According to what I’ve found on the internet, mastodon servers should be indexable unless otherwise set by the admin.
Besides that, every user also has the option of the opt-out of search engine indexing.
In my experience, Google and Bing have indexed Mastodon server info as well as toots, but these don’t show up high in search results if they even do (for non Mastodon related searches).
Mojeek doesn’t seem to have crawled any Mastodon server. I can’t find Mastodon servers or toots using Mojeek.
Ok… so… after trying again, I now do find mastodon servers and toots.
Before, I was trying to find the Mojeek profile and @Josh with the ‘site’ operator. I also tried to find some specific toots I had seen by using keywords from those toots. Not sure what I did wrong to not find anything. Maybe I just used keywords that still aren’t indexed, or perhaps I’m just terrible at search
I just tried the “linux” search term in combination with site operators for mstdn.social and mastodon.social. Tilvids in combo with the mstdn.social site operator gave me 2 results. I guess I now have to find toots and tweets that are indexed and have the same subject/keywords to see how they rank in Mojeek results.

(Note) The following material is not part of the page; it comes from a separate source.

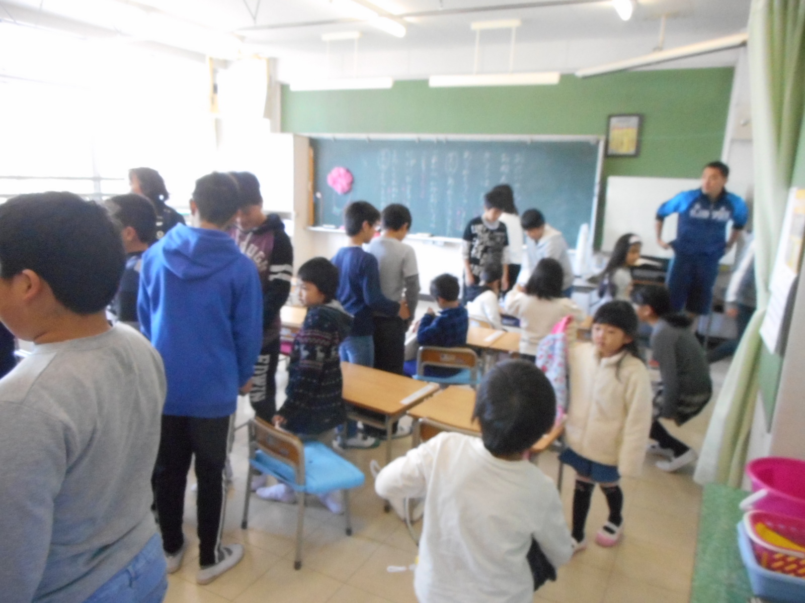 登校初日はあいにくの雨でしたが、早速6年生が1年生の準備の手伝いをしており、教室は笑顔であふれていました。

On the users/instances that are stating that there should be no indexing, providing they’re using standard/robots.txt methods then we will follow what they ask.
For not finding a large quantity of results through searches such as “site:mastodon.social mastodon” or the same for mstdn.social, we have methods in place to make sure we don’t use lots of resource just crawling a massive chunk of a user-generated content site in one go.

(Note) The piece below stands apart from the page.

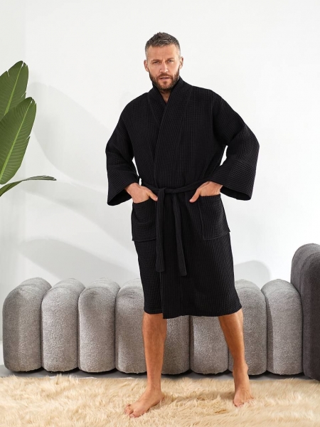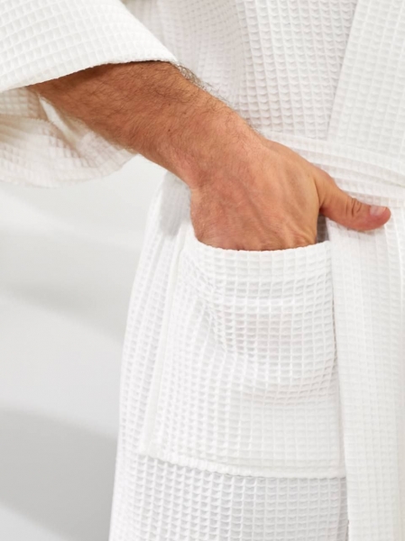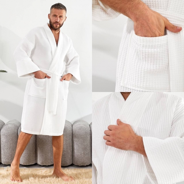 Халат дополнен поясом, большими карманами и широкими рукавами. Ткань быстро впитывает влагу и быстро высыхает.

Looking at both those big general instances we are discovering links and crawling/recrawling, it just is being done at a measured pace. You’re for sure not “terrible at search”

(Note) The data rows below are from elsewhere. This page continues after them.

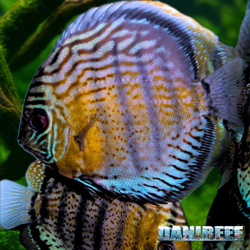 - Symphysodon aequifasciatus: il nostro Discus blu/verde, diffuso principalmente nel bacino amazzonico orientale. Vive in acque nere, bianche e chiare, mostrando colorazioni variabili dal blu al marrone con le tipiche bande verticali.
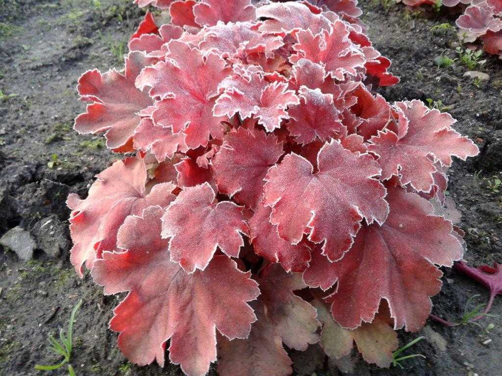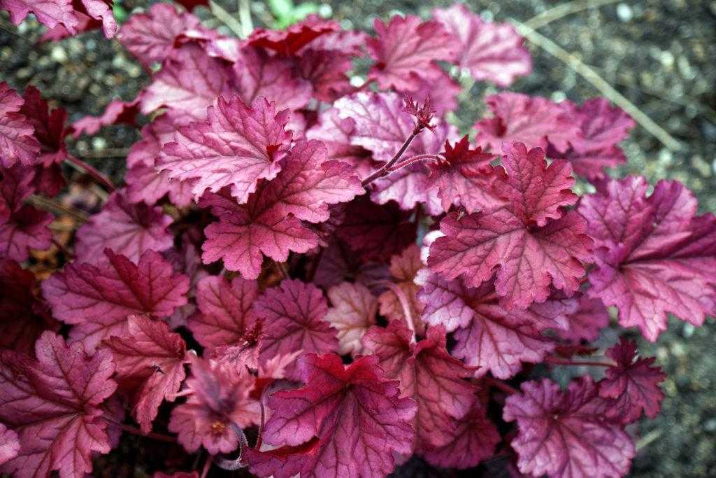 Краснолистные сортовые гейхеры выделяются листьями с красноватыми, багряными, бордовыми, вишневыми оттенками:
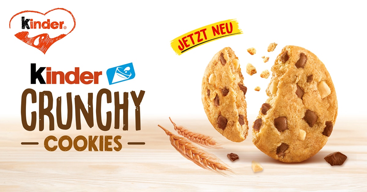 kinder Crunchy Cookies – die neue Kombination aus knusprigem Keks und feinen Stückchen mit Milch und Kakao mit dem unverwechselbaren Geschmack von kinder. Um dem Moment ein Knuspern zu verleihen!

Coming back at this: Wouldn’t it be an idea to have a fediverse search feature? Something similar to substack, but for mastodon and maybe other fediverse software.
Sure thing! I try to use this sometimes. I even throw in some other servers and platforms. Unfortunately, my Focus… (not sure how to write or say that in plural) are getting deleted because cookies get removed from my browser from time to time.
Having this as Focus is also not super scaleable and with the size of the Fediverse, I thought that a substack like approach would be more convenient for users.
On the other hand, I can see that there might be other types of searches like these that someone would like to have a solution for (I even have some myself)… So perhaps it’s not feasible to create a different solution for every of these requests. And now I’m thinking about some sort of more advanced “advanced search” or more advanced search operators or focus settings
I’ll let the decision as to what to do with this up to others. I just wanted to pour my brains out (if that’s an expression in English)
That’s one of the great things when it comes to the open source repo; if a Focus goes in there and gets folded into Mojeek, it’ll stay as a an option even if you clear cookies.
I think this would depend on how much of it we have indexed at the moment, it’s going to be a case of which instances we’ve got coverage of. Of course a fair few will block bots as standard. Putting the top 25 (or more if we push the cap further) instances by user numbers into Focus could be an interesting starting point.
Obviously would had to be dealt with sensitively as the issue of fedi search and people’s feelings about that come up cyclically.